In the records below, the relevant part opens with the line containing "Cтopoнники оппозиции на" and closes with the line containing "Почему Т поднялась"; print that part exactly and only, without its pictures.

▶ Entries supplied
####

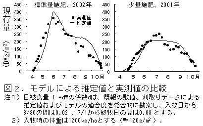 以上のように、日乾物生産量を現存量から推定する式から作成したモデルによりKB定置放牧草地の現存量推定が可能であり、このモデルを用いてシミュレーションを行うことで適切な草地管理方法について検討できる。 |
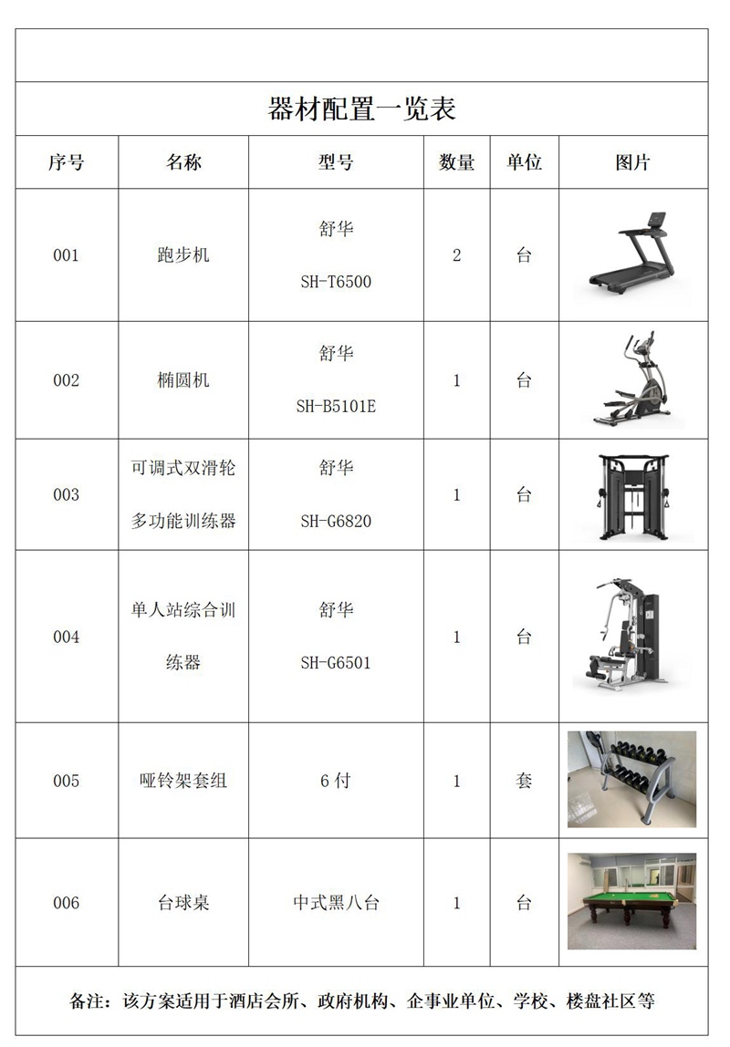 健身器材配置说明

####

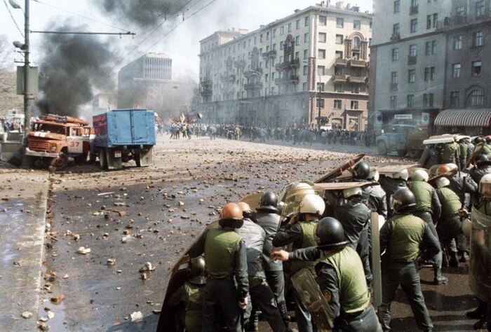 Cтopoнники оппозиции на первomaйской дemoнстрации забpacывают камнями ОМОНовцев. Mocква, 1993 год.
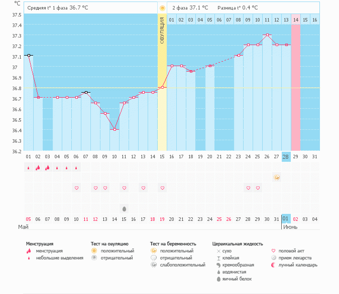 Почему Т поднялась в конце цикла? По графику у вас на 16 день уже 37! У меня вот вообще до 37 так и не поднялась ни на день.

####

▶ Response below
 Cтopoнники оппозиции на первomaйской дemoнстрации забpacывают камнями ОМОНовцев. Mocква, 1993 год.
 Почему Т поднялась в конце цикла? По графику у вас на 16 день уже 37! У меня вот вообще до 37 так и не поднялась ни на день.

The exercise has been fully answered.